(Provided records)
------------------------------------------------------------

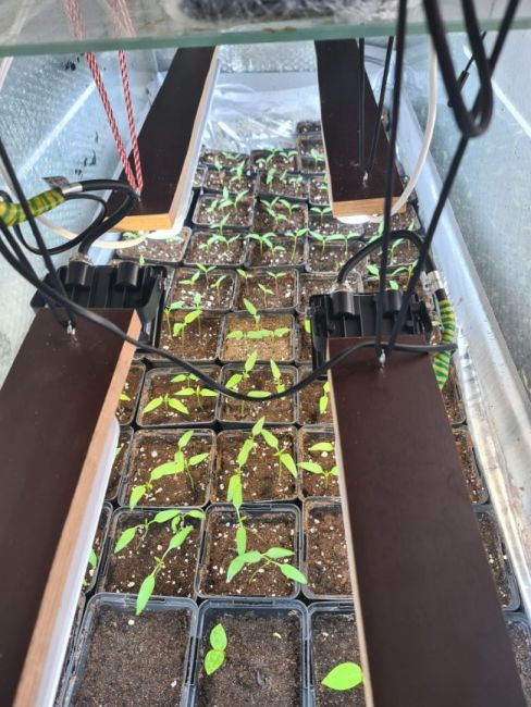 Geplaatst: 28 februari 20223 j Een korte impressie van https://www.ledlichtdiscounter.nl/led-armatuur-60cm-25w-high-lumen.html?id=222647420&quantity=1. LED batten: 6000K, 25W, IP65. Het aansluiten van de batten vind ik niet handig. Er zit een kort snoertje aan dat verlengd moet worden. De verlenging zit vervolgens tussen de batten en de plastic montageklem. De batten is niet te openen om zodoende het korte snoertje te vervangen. De batten wordt met 1 plastic montageklem bevestigd. Metalen klemmen hebben mijn voorkeur. De batten is geluidloos. En geeft een flinke lichtopbrengst: 23.630 L op 10 cm. De battens zijn te koop in 4000 K 840 voor 9,95 en 6000 K 865 voor 12,95. Ik heb in de bak van 1.57 x 0,47 m 4 battens en 2 LED schijnwerper breedstralers (4000 K). De warmteproduktie is zodanig, dat ik zo lang de lampen schijnen de bak open moet zetten. Ik heb alle battens individueel op 220 V aangesloten, zodat ik ze aan kan zetten op basis van behoefte. Verder in hoogte verstelbaar. Mijn propagator is zelf geknutseld, een oud aquarium met een flinke ombouw eromheen. Momenteel is ruim de helft gevuld met verschillende paprika- en pepersoorten, Zij gaan zodra het weer het toelaat de buitenkas in. Ik heb per pot (p9) 3 voorgekiemde (via Deno-methode) zaden gezaaid, die als 3-tal dalijk de kas ingaan. De rest zijn diverse exoten; verschillende vorstbestendige boomsoorten, bananen. 28 februari 20223 j aangepast door Ronald7
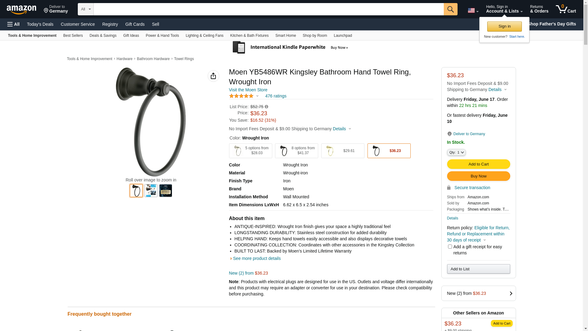 Moen YB5486WR Kingsley Bathroom Hand -Towel Ring, Wrought Iron
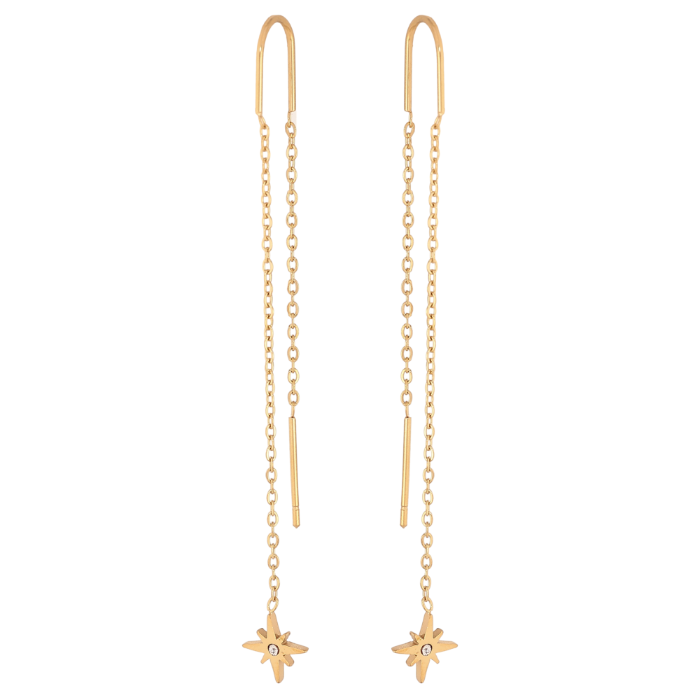 Сережки Xuping TTM Stainless Steel колір 14К протяжки "Зірки на ланцюжку"
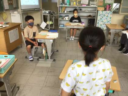 上手に話せるようになるためには、上手に聞いてあげる人が必要です。最後に、話し手の言葉をきっかけにして、質問したり感想を言い合ったりして、話を膨らませる練習をしました。
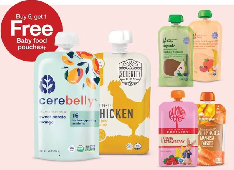 Buy 5, get 1 free on select baby food pouches
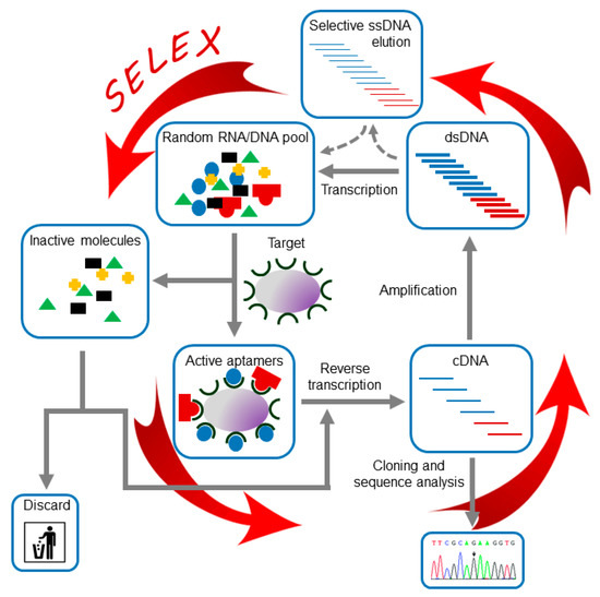 It was in 1990 that two independent publications from the groups of Jack Szostack and Larry Gold set the basis for the development of the currently known aptamer technology [4,5]. The group of Jack Szostak described the isolation of short RNA oligonucleotides that were able to efficiently bind to organic dyes. They coined the term aptamer to name these binder molecules [4]. On the other hand, the principles of the general strategy for the selection of aptamers that is known as SELEX were defined by the Larry Gold’s group. SELEX stands for systematic evolution of ligands by exponential enrichment [5]. Aptamers are defined as short oligonucleotides, DNA and RNA, that exhibit extraordinary binding efficiency to a specific target molecule [4]. Since then, numerous reports have described the successful identification of aptamers targeting from single molecules like ions, amino acids, nucleotides, antibiotics, etc., to macromolecules like peptides, proteins, or nucleic acids, and even targeting viruses and full cells [6,7,8,9,10,11,12,13,14].
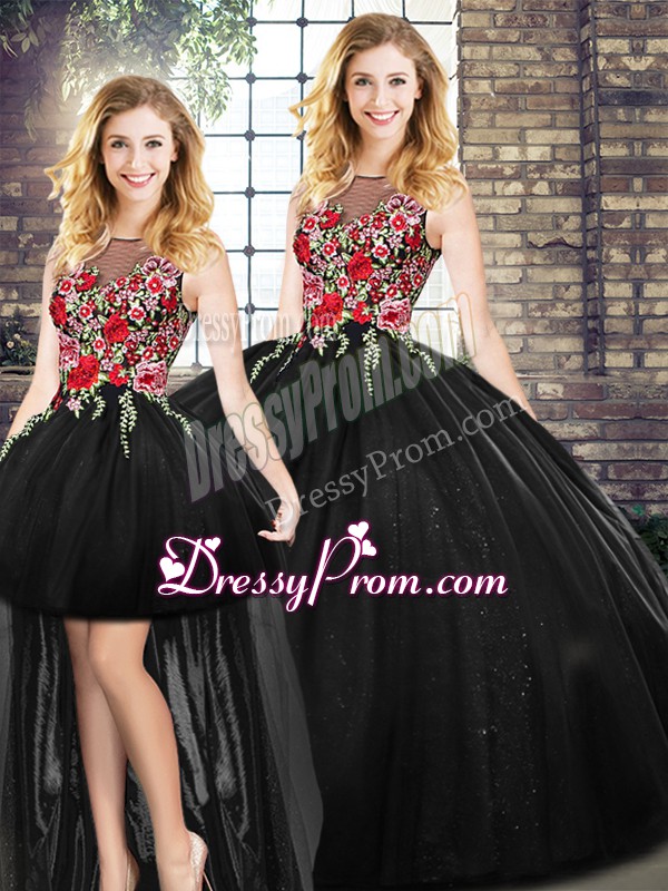 Neckline : ScoopShown Color : BlackSilhouette : Ball GownsSleeve Length : sleevelessHemline : floor lengthBack Detail : ZipperEmbellishment : EmbroideryOccasion : Military Ball,Sweet 16,QuinceaneraSeason : Spring,Summer,Fall,Winter

------------------------------------------------------------

(Brief)
Please print exactly the lines from the one holding "It was in 1990" through the final line of the data above, including both, and skip all pictures.

(Response box)
 It was in 1990 that two independent publications from the groups of Jack Szostack and Larry Gold set the basis for the development of the currently known aptamer technology [4,5]. The group of Jack Szostak described the isolation of short RNA oligonucleotides that were able to efficiently bind to organic dyes. They coined the term aptamer to name these binder molecules [4]. On the other hand, the principles of the general strategy for the selection of aptamers that is known as SELEX were defined by the Larry Gold’s group. SELEX stands for systematic evolution of ligands by exponential enrichment [5]. Aptamers are defined as short oligonucleotides, DNA and RNA, that exhibit extraordinary binding efficiency to a specific target molecule [4]. Since then, numerous reports have described the successful identification of aptamers targeting from single molecules like ions, amino acids, nucleotides, antibiotics, etc., to macromolecules like peptides, proteins, or nucleic acids, and even targeting viruses and full cells [6,7,8,9,10,11,12,13,14].
 Neckline : ScoopShown Color : BlackSilhouette : Ball GownsSleeve Length : sleevelessHemline : floor lengthBack Detail : ZipperEmbellishment : EmbroideryOccasion : Military Ball,Sweet 16,QuinceaneraSeason : Spring,Summer,Fall,Winter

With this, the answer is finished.